10	  libibverbs also requires appropriate device-dependent kernel and
11	  userspace driver for your InfiniBand hardware.  For example, to use
12	  a Mellanox HCA, you will need the ib_mthca kernel module and the
13	  libmthca userspace driver be installed.
14	
15	User-kernel communication
16	
17	  Userspace communicates with the kernel for slow path, resource
18	  management operations via the /dev/infiniband/uverbsN character
19	  devices.  Fast path operations are typically performed by writing
20	  directly to hardware registers mmap()ed into userspace, with no
21	  system call or context switch into the kernel.
22	
23	  Commands are sent to the kernel via write()s on these device files.
24	  The ABI is defined in drivers/infiniband/include/ib_user_verbs.h.
25	  The structs for commands that require a response from the kernel
26	  contain a 64-bit field used to pass a pointer to an output buffer.

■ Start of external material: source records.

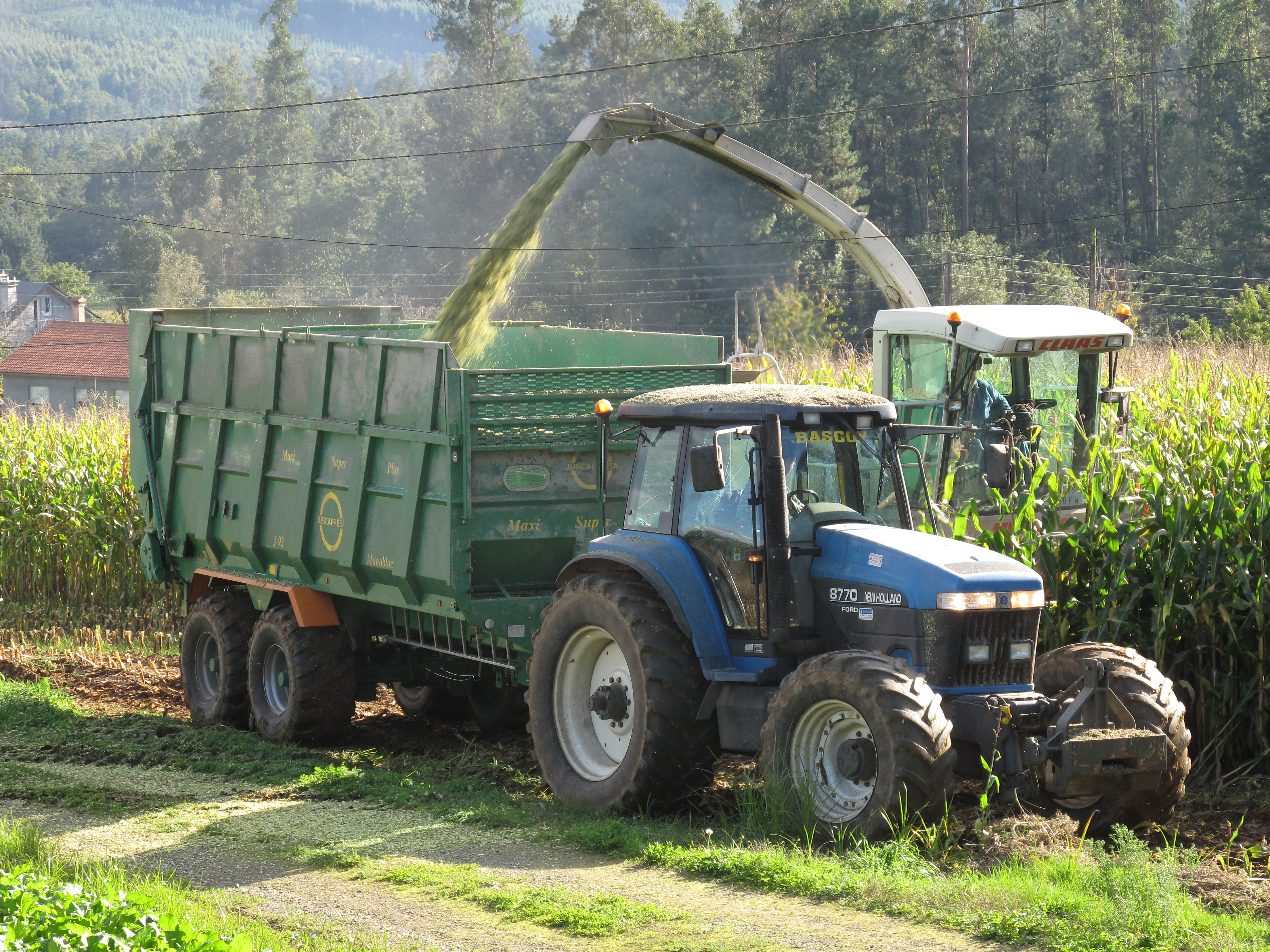 Chopping maize for silage at Vilarromarís, Oroso, Galicia, Spain – Claas Jaguar forage harvester and Ford/New Holland 8770 tractor with Juscafresa tipper trailer (Monobloc J-92 Maxi Super Plus)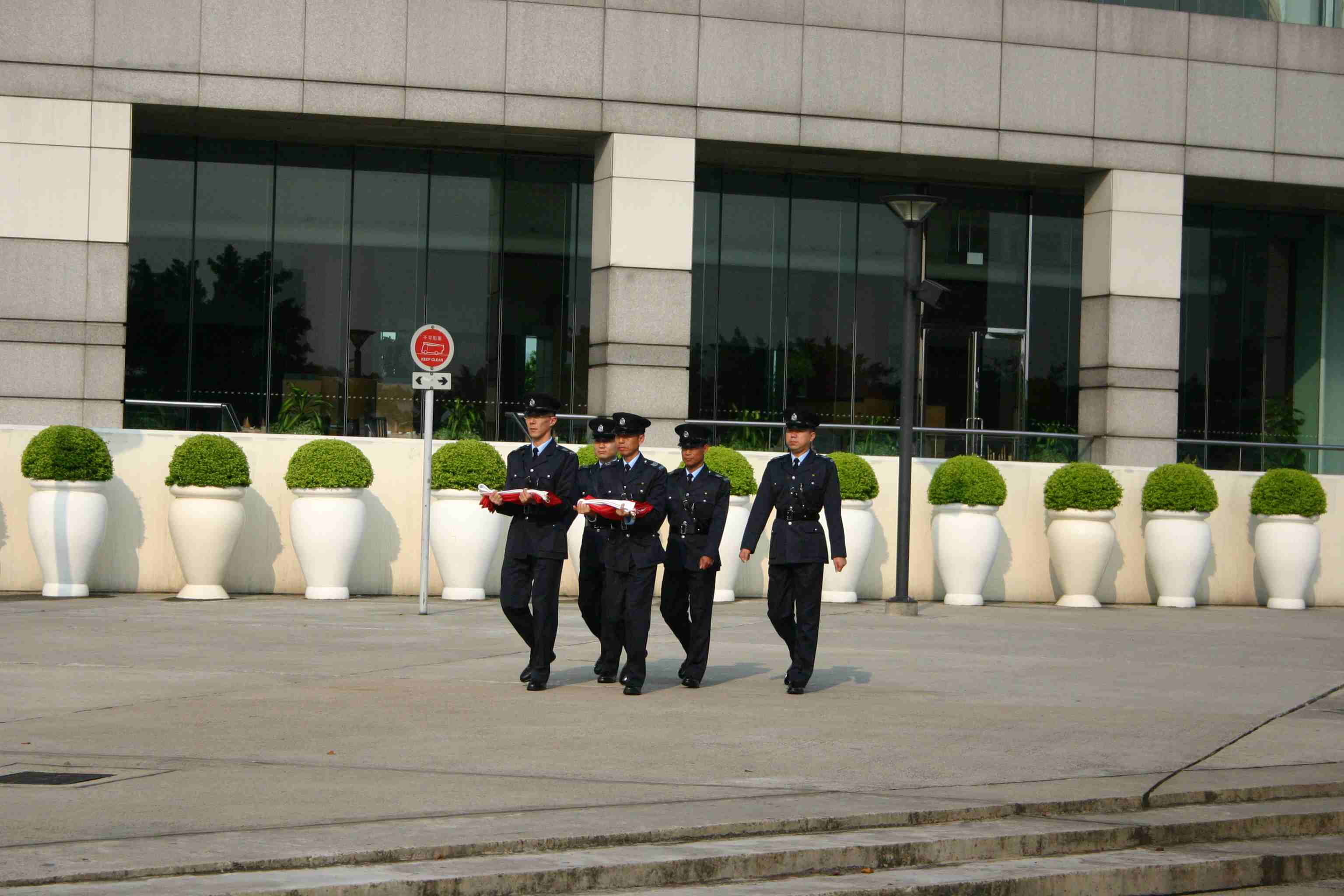 Photo of a Hong Kong SAR flag ceremony. The picture was taken by Ernie Chan, who has stated in an email to me that the photos are under the GFDL license.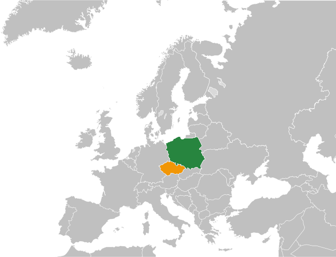 Location of Poland and Czech Republic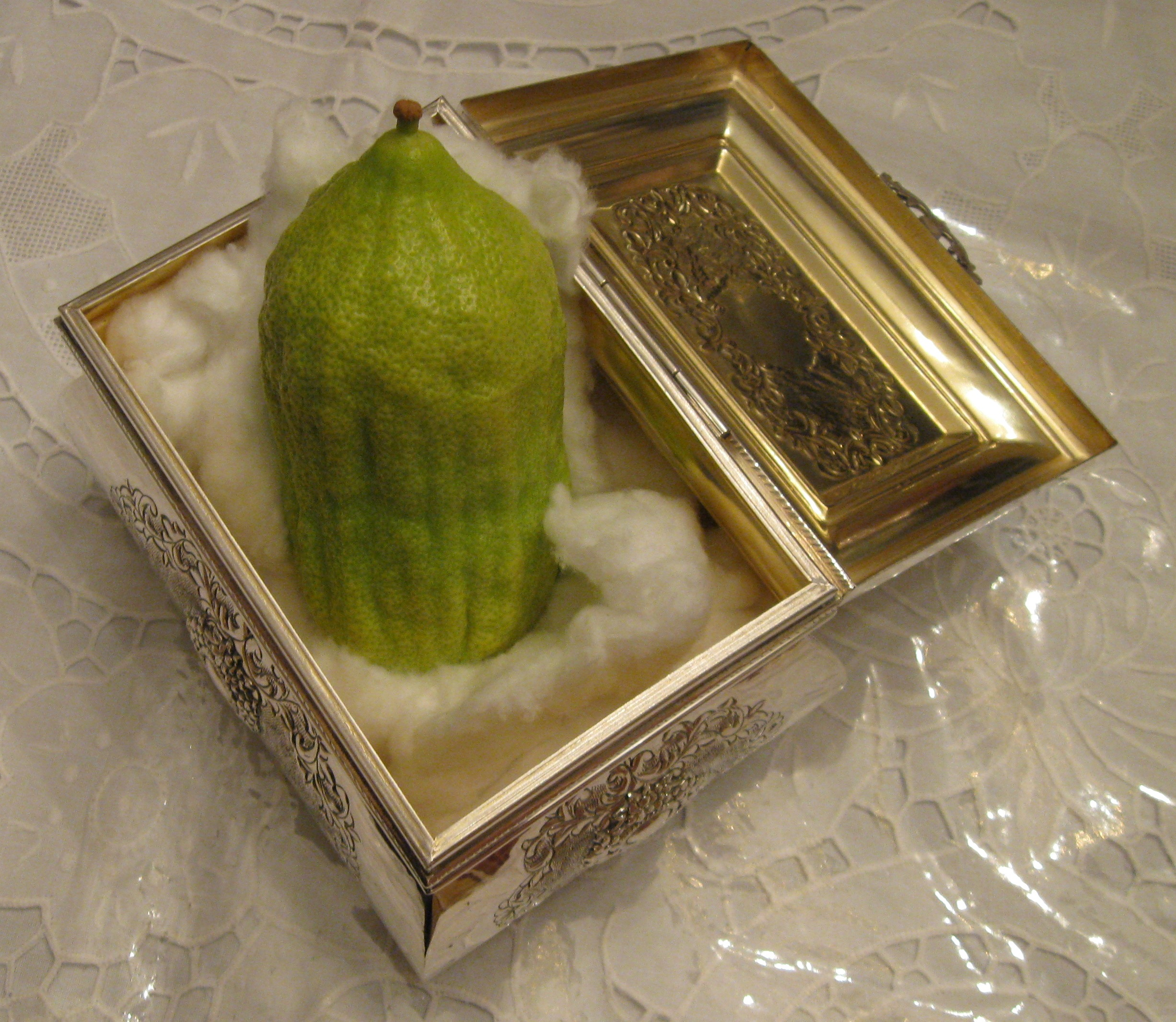 Etrog Pushka

27	  Status is returned to userspace as the return value of the write()
28	  system call.
29	
30	Resource management
31	
32	  Since creation and destruction of all IB resources is done by
33	  commands passed through a file descriptor, the kernel can keep track
34	  of which resources are attached to a given userspace context.  The
35	  ib_uverbs module maintains idr tables that are used to translate
36	  between kernel pointers and opaque userspace handles, so that kernel
37	  pointers are never exposed to userspace and userspace cannot trick
38	  the kernel into following a bogus pointer.
39	
40	  This also allows the kernel to clean up when a process exits and
41	  prevent one process from touching another process's resources.
42	
43	Memory pinning
44	
45	  Direct userspace I/O requires that memory regions that are potential
46	  I/O targets be kept resident at the same physical address.  The
47	  ib_uverbs module manages pinning and unpinning memory regions via
48	  get_user_pages() and put_page() calls.  It also accounts for the
49	  amount of memory pinned in the process's locked_vm, and checks that
50	  unprivileged processes do not exceed their RLIMIT_MEMLOCK limit.
51	
52	  Pages that are pinned multiple times are counted each time they are
53	  pinned, so the value of locked_vm may be an overestimate of the
54	  number of pages pinned by a process.
55	
56	/dev files
57	
58	  To create the appropriate character device files automatically with
59	  udev, a rule like
60	
61	    KERNEL=="uverbs*", NAME="infiniband/%k"
62	
63	  can be used.  This will create device nodes named
64	
65	    /dev/infiniband/uverbs0
66	
67	  and so on.  Since the InfiniBand userspace verbs should be safe for
68	  use by non-privileged processes, it may be useful to add an
69	  appropriate MODE or GROUP to the udev rule.